31.  Given that disturbances could not be ruled out, the authorities had not been under a positive obligation to allow both meetings, all the more so as measures designed to prevent confrontations (such as a police cordon) would themselves have disturbed the peace required at a cemetery on All Saints’ Day.

B.  The Court’s assessment

32.  It is common ground that the prohibition at issue constitutes an interference with the applicant’s right to freedom of peaceful assembly which was prescribed by law, namely by section 6 of the Assembly Act, and served legitimate aims recognised in Article 11 § 2, namely the “prevention of disorder” and “the protection of the rights and freedoms of others”.

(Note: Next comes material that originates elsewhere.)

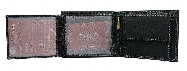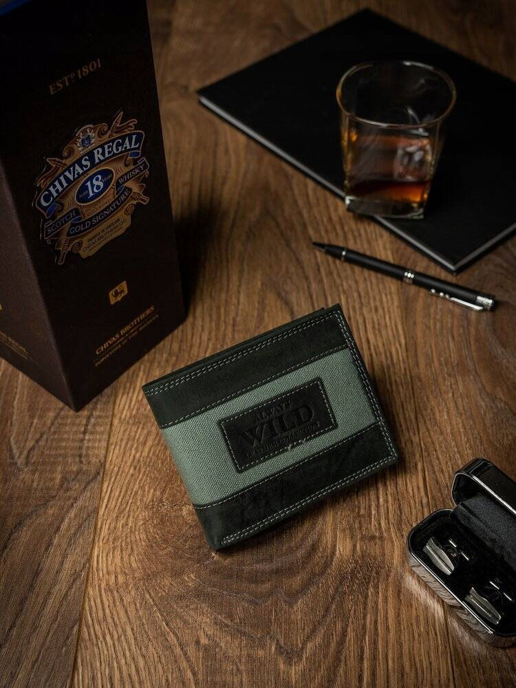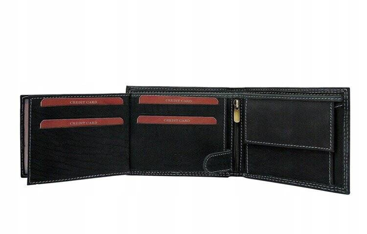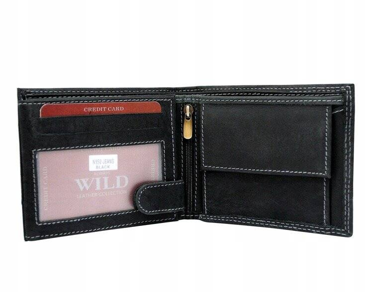 Portfel wykonany ze skóry naturalnej nubukowej i jeansu, obszyty kontrastującą nitką. Niepowtarzalny portfel o ciekawym designie. Część na karty i dokumenty zabezpieczona jest dodatkowym zapięciem. W centralnej części portfela dodatkowy schowek na suwak. Portfel zapakowany w eleganckie pudełko - doskonały na prezent.

33.  The parties’ submissions concentrate on the question whether the interference was also “necessary in a democratic society” within the meaning of Article 11 § 2. The Court reiterates that the notion of necessity implies that the interference corresponds to a pressing social need and, in particular, that it is proportionate to the legitimate aim pursued. The Contracting States have a certain margin of appreciation in assessing whether such a need exists, but it is for the Court to give the final ruling on whether a restriction is reconcilable with the rights protected by the Convention. In carrying out its scrutiny, the Court must look at the interference complained of in the light of the case as a whole and determine, after having established that it pursued a legitimate aim, whether it was proportionate to that aim and whether the reasons adduced by the national authorities to justify it were “relevant and sufficient” (see Stankov and the United Macedonian Organisation Ilinden v. Bulgaria, nos. 29221/95 and 29225/95, § 87, ECHR 2001-IX)

34.  The Court notes at the outset that the present case is one concerned with competing fundamental rights. The applicant’s right to freedom of peaceful assembly and his right to freedom of expression have to be balanced against the other association’s right to protection against disturbance of its assembly and the cemetery-goers’ right to protection of their freedom to manifest their religion.

35.  As regards the right to freedom of peaceful assembly as guaranteed by Article 11, the Court reiterates that it comprises negative and positive obligations on the part of the Contracting State.

36.  On the one hand, the State is compelled to abstain from interfering with that right, which also extends to a demonstration that may annoy or give offence to persons opposed to the ideas or claims that it is seeking to promote (see Stankov and the United Macedonian Organisation Ilinden, cited above, § 86, and Plattform “Ärzte für das Leben” v. Austria, judgment of 21 June 1988, Series A no. 139, p. 12, § 32). If every probability of tension and heated exchange between opposing groups during a demonstration was to warrant its prohibition, society would be faced with being deprived of the opportunity of hearing differing views (see Stankov and the United Macedonian Organisation Ilinden, cited above, § 107).

37.  On the other hand, States may be required under Article 11 to take positive measures in order to protect a lawful demonstration against counter-demonstrations (see Plattform “Ärzte für das Leben”, cited above, p. 12, § 34).

38.  Notwithstanding its autonomous role and particular sphere of application, Article 11 of the Convention must also be considered in the light of Article 10. The protection of opinions and the freedom to express them is one of the objectives of freedom of assembly and association enshrined in Article 11 (see Stankov and the United Macedonian Organisation Ilinden, cited above, § 85). In this connection it must be borne in mind that there is little scope under Article 10 § 2 for restrictions on political speech or on debate on questions of public interest (ibid., § 88; see also Scharsach and News Verlagsgesellschaft v. Austria, no. 39394/98, § 30, ECHR 2003-XI).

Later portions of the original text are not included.